Name: RepoSwarm - Giving AI Agents Architecture Context Across All Your Repos - Roy Osherove
Uploaded: 2025-12-27T15:19:42.000Z
Duration: 1 h 28 min 1 s

Introduction to AI Tools and Architectures

Audience Engagement

The speaker begins by engaging the audience with questions about their experience with AI-related tools like Cursor and Cloud Code.

Queries are posed regarding the size of organizations represented, specifically those with over 100, 500, or 1,000 GitHub repositories.

Speaker Background

Roy Oshro introduces himself as a chief architect at Verbbit AI and author of several books on unit testing and leadership.

He mentions his blog, robotpaper.ai, which covers various topics including unit testing and AI.

The Role of AI in Software Development

Benefits of Writing Books

Roy discusses how writing books allows him to leverage AI tools for code reviews by prompting them to follow his style.

Importance of Readable Code

He emphasizes the significance of creating readable, maintainable, and trustworthy code.

Refactoring Legacy Code

A recommended prompt for refactoring legacy code is shared: using insights from Michael Feathers' book on effective refactoring practices.

Transforming Workflows with AI

New Working Methods

The talk focuses on how AI can enable new workflows rather than relying solely on traditional methods.

Information Condensation

Roy highlights that AI can transform large amounts of information into concise formats for future use.

Utilizing Notebook LM for Presentations

Slide Generation Experiment

Approximately 30% to 40% of the presentation slides were generated using Notebook LM based on provided blog posts and source code.

Effectiveness of New Tools

The speaker notes that he retained about 60% of what was generated by Notebook LM due to its high quality.

Challenges in Managing Multiple Repositories

Chief Architect Responsibilities

As chief architect at Verbbit, Roy oversees compliance across approximately 400 repositories while ensuring good practices are followed.

Documentation Issues

He points out that documentation quality is often poor across repositories, making it difficult to manage effectively.

Real-world Scenario: Consolidating Monitoring Tools

Example Challenge

Roy describes a scenario where consolidating monitoring tools across repositories could take days or weeks without efficient systems like Repos Swarm.

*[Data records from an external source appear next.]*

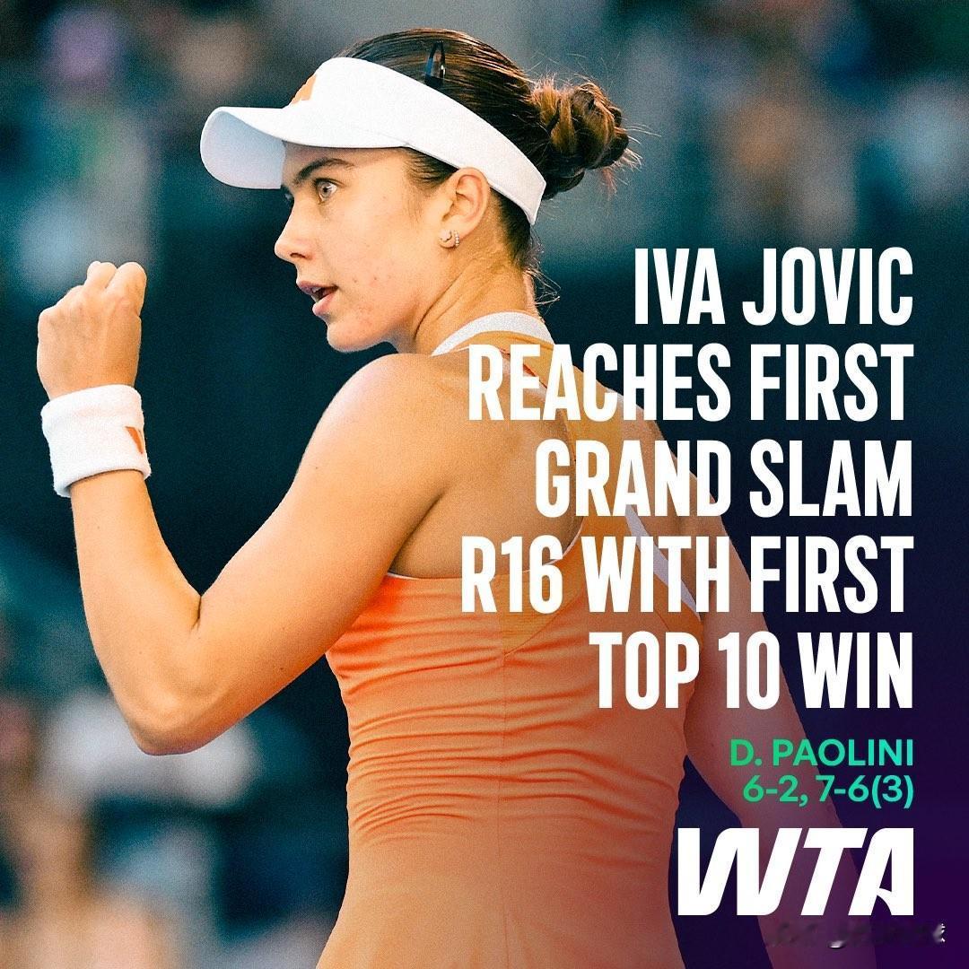 澳网女单今天爆出最大冷门 🇺🇸约维奇6-2/7-6击败7号种子保利尼🇮🇹 生涯首次战胜TOP10, 首次晋级大满贯16强。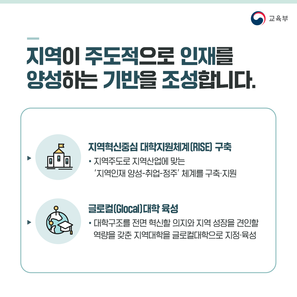 지역이 주도적으로 인재를 양성하는 기반을 조성합니다.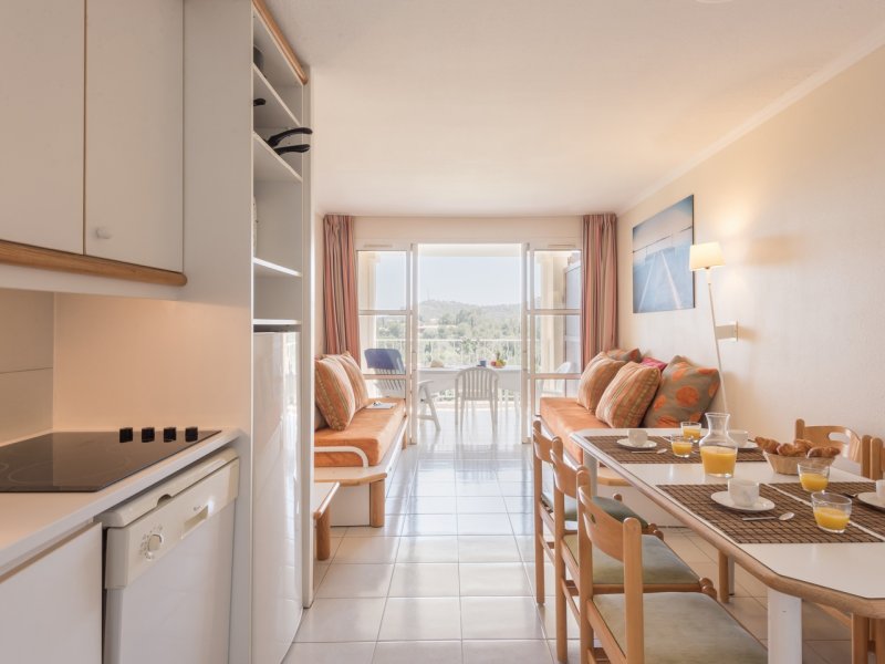 - Eco-Standard Apartment — 1/2 bedroom apartment for 6/7 people — Sea view — расположенные в зоне Esquinade апартаменты площадью 37-42 кв.м с 1/2 спальней для 6-7 человек, с видом на море. 1 спальня с одной двуспальной кроватью; 1 спальный альков с двухъярусной кроватью; 1 гостиная с двумя раскладными диванами, одна из которых включает выдвижную кровать (рекомендуется для детей); полностью оборудованная кухня открытого плана; 1 ванная комната с ванной или душевой кабиной; 1 туалет.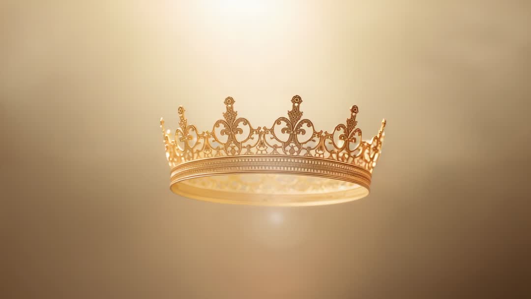 - Hovering Golden Crown Rotating in Misty Studio Light Revealing Ornate Filigree and Halo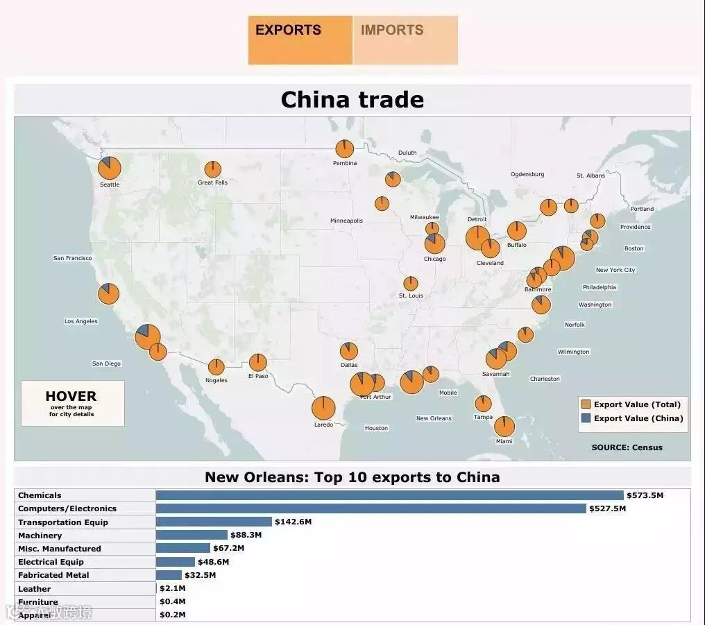 根据美国港口管理部门的数据,今年前5个月,洛杉矶/长滩港、芝加哥港和纽约港分别处理了价值790亿美元、230亿美元和200亿美元的中国商品,这三大港口处理的中国货物最多,感受到的压力也是最大的。另据统计,在美国前20大港口中,与中国贸易的比例超过25%的港口共有16个。
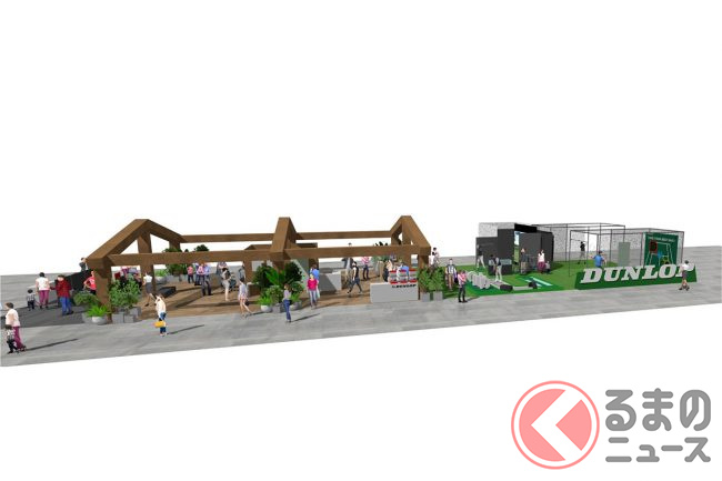 ガレージゾーンでは四輪・二輪車の展示に加え、ドライビングシミュレーターによるレースゲーム体験などを用意。また、DUNLOPと広告出演契約を締結している大谷翔平選手の等身大パネルも展示される予定です。
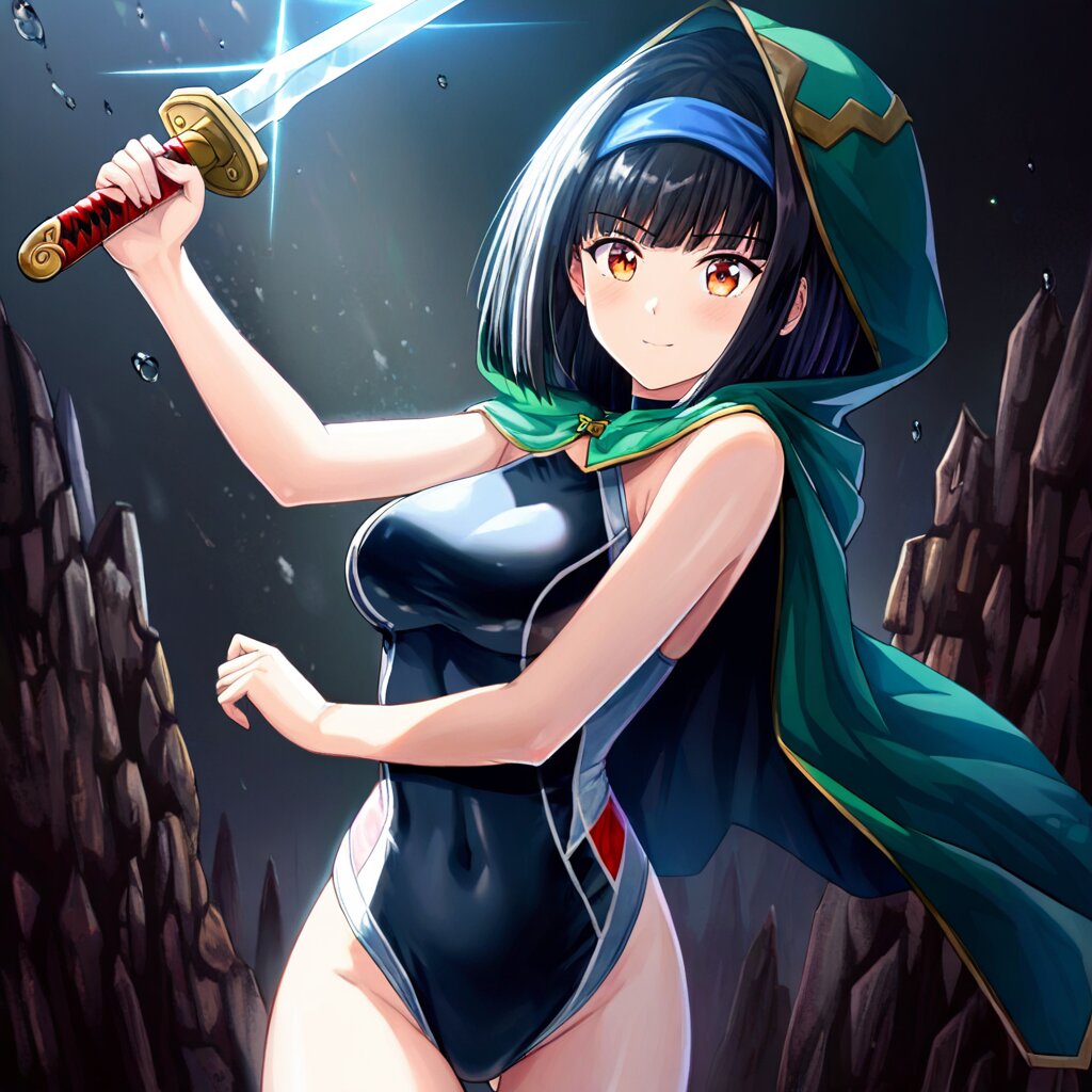 ((masterpiece)), ((best quality)), (ultra-detailed),anime style,a cute girl, large bust, ((Black Racing-style swimsuit)), beautiful black hair, beautiful orange eyes, ((beautiful eyes)),straight hair, (blunt hair), ((blue hairband)), Holding a katana in hand.Facing her, a figure in a deep green hood stands with their back turned, raising their sword. Dark underground cave, stalactites, water droplets

How to Ensure Accurate Data Handling in HIPAA-Compliant Applications

Importance of Up-to-Date Documentation

Organizations often lack current diagrams showing how data is handled across their applications, which is crucial for HIPAA compliance.

Many existing diagrams are outdated and irrelevant, necessitating time-consuming recreations that may not be completed effectively.

Challenges with Developer Resources

Developers frequently struggle to find documentation on new services or event schemas, leading to inefficient manual processes during code reviews.

The introduction of AI coding agents requires context about feature usage and component standards, which is often missing from existing documentation.

Liabilities in Current Documentation Practices

Standard README files in repositories often lack comprehensive onboarding information, making it difficult for new developers to get up to speed quickly.

Architecture documentation tends to be static and poorly formatted for AI readability, resulting in a loss of valuable insights over time.

Introduction of Repo Swarm Tool

To address these issues, the "Repo Swarm" tool was developed during a company hackathon. It aims to automate the documentation process using AI.

The tool compiles snapshots of all repositories into a centralized repository called "Architecture Hub," containing markdown files that are easy for AI agents to read.

Features and Benefits of Architecture Hub

Each repository's markdown file includes sections like high-level overviews, dependencies, and security analyses generated through specific prompts.

The architecture hub ensures continuous updates by regenerating content daily without needing backward compatibility adjustments when new components are added.

Standardizing Deployment Processes

Importance of Standardization in Deployment

The speaker emphasizes the need for standardizing deployment processes across various teams within the company, as there are currently multiple types of deployments for front-end and back-end applications that lack uniformity.

Challenges in Achieving Standardization

The process of gathering information from different teams to understand their deployment practices is time-consuming. The speaker suggests that while it may be difficult to achieve full standardization initially, significant progress can be made by focusing on key areas like authentication.

Authentication and Authorization Issues

Identifying common authentication libraries and authorization models used across teams is crucial. There may be inconsistencies where different teams utilize varying models, which could benefit from a centralized approach.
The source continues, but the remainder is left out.